Cela dit, il a souligné la nécessité d’un débat nuancé sur la question.

Le montant maximum qu’un individu serait autorisé à détenir en euros numériques auprès de la BCE est généralement estimé à environ 3 000 €. Le plafond ne s’appliquerait qu’aux soldes numériques en euros et n’a pas encore été finalisé dans la législation, et il ne limite pas les actifs globaux ou les avoirs en compte bancaire d’une personne. Néanmoins, Colmant a déclaré que le risque d’un certain contrôle « n’est pas nul ».

« Il y a potentiellement une perte de protection de la vie privée, car cet euro numérique pourrait être tracé et il serait possible de savoir exactement à quoi il sert », a-t-il déclaré.
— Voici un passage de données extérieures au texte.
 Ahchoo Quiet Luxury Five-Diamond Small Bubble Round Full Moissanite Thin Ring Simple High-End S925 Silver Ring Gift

Il convient également de noter qu’aucun cadre juridique précis pour l’euro numérique n’a encore été adopté. Les députés devraient adopter le règlement correspondant d’ici 2026, condition préalable à toute mise en œuvre du projet.

Ne plus dépendre des sociétés de paiement étrangères

Certains banquiers ont exprimé leurs inquiétudes et leur scepticisme quant à la création de l’euro numérique.
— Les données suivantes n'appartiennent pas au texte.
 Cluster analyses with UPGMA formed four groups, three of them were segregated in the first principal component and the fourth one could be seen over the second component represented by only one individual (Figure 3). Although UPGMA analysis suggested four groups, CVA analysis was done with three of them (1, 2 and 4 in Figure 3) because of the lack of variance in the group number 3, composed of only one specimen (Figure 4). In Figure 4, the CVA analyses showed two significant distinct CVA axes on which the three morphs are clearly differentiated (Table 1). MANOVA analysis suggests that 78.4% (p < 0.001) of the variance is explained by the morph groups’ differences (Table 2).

Le directeur général du Crédit Mutuel français, Daniel Baal, a écrit sur LinkedIn que l’euro numérique « ne répond à aucun besoin clair des citoyens » et n’offre « aucun avantage substantiel par rapport aux méthodes de paiement existantes ».

Michael Anseeuw, directeur général de BNP Paribas Fortis Belgique, a déclaré au journal belge L’Echo que le projet de monnaie numérique de la BCE était une « fausse bonne idée », le qualifiant de « superflu », tout en soulignant le développement de nouvelles alternatives de paiement européennes telles que Wero.

Néanmoins, la BCE affirme que l’un des objectifs de cette monnaie complémentaire est de « réduire la dépendance à l’égard des prestataires non européens ».

Les géants américains Visa et Mastercard représentent environ 70 % du marché des paiements par carte en Europe. Colmant a souligné que les banques commerciales européennes « utilisent Visa et Mastercard, même si la licence est américaine ».

Valdis Dombrovskis, commissaire européen chargé de l’économie et de la productivité, a souligné l’importance de garantir l’autonomie stratégique de l’Europe et d’éviter de dépendre des systèmes de paiement étrangers, d’autant plus que le commerce en ligne continue de croître.